Input material:
= = =
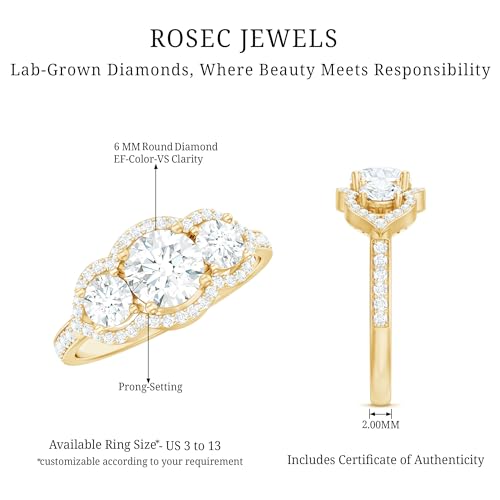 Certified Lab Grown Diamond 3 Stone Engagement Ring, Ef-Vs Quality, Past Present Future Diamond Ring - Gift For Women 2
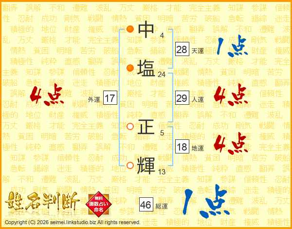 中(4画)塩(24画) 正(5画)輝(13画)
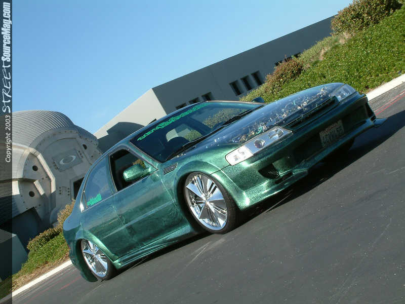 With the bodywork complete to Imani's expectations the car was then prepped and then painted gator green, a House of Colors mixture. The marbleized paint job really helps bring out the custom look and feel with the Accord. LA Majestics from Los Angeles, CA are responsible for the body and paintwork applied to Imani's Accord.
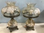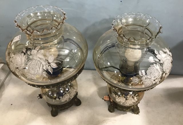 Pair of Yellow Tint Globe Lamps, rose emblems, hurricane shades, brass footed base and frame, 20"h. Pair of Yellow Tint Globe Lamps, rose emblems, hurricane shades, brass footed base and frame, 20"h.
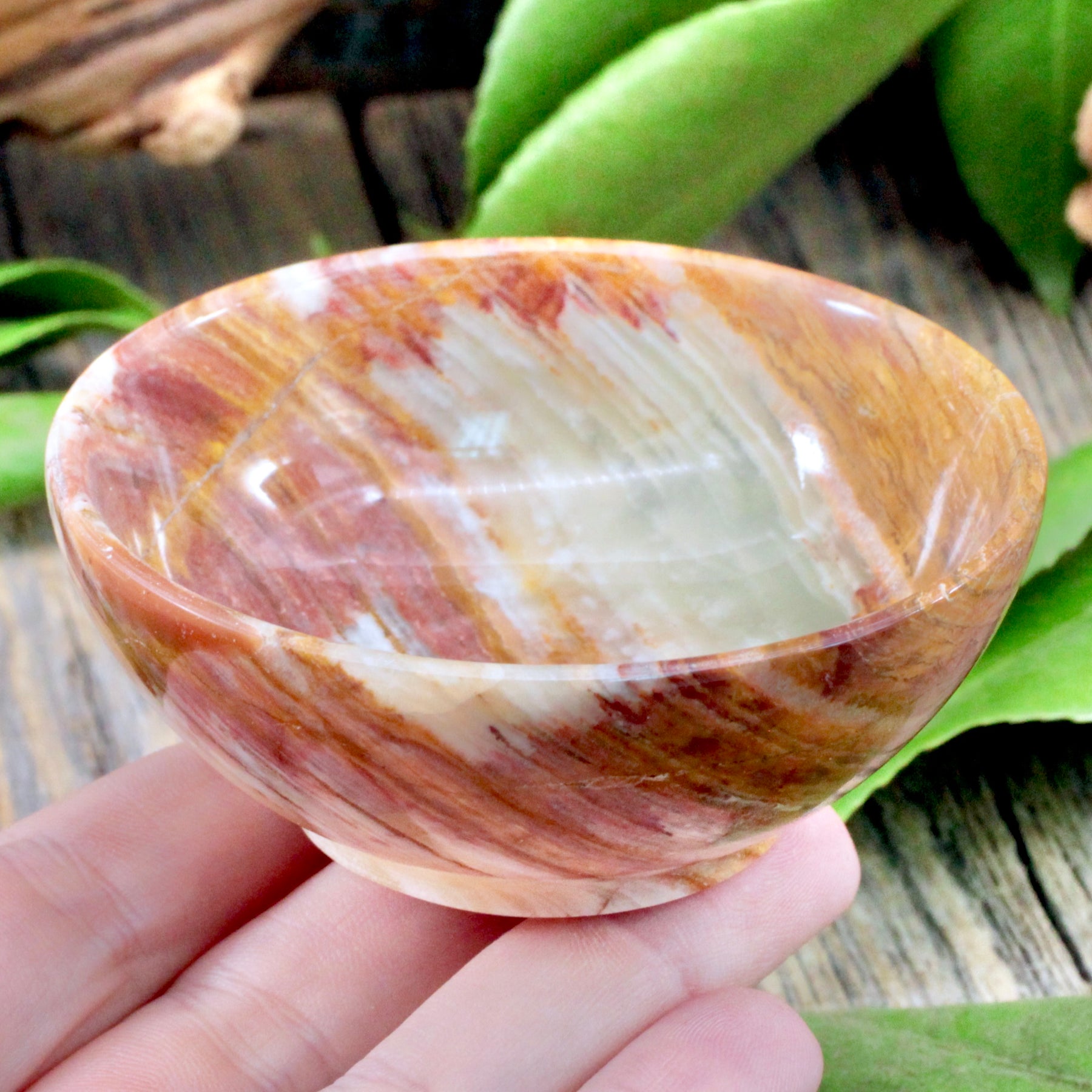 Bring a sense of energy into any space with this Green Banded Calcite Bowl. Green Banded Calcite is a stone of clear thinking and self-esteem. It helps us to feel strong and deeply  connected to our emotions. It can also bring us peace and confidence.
= = =
Activity: Transcribe, word for word, only the material from its opening line through the line containing "中(4画)塩(24画) 正(5画)輝(13画)", both ends included, and omit the pictures.

Task result:
 Certified Lab Grown Diamond 3 Stone Engagement Ring, Ef-Vs Quality, Past Present Future Diamond Ring - Gift For Women 2
 中(4画)塩(24画) 正(5画)輝(13画)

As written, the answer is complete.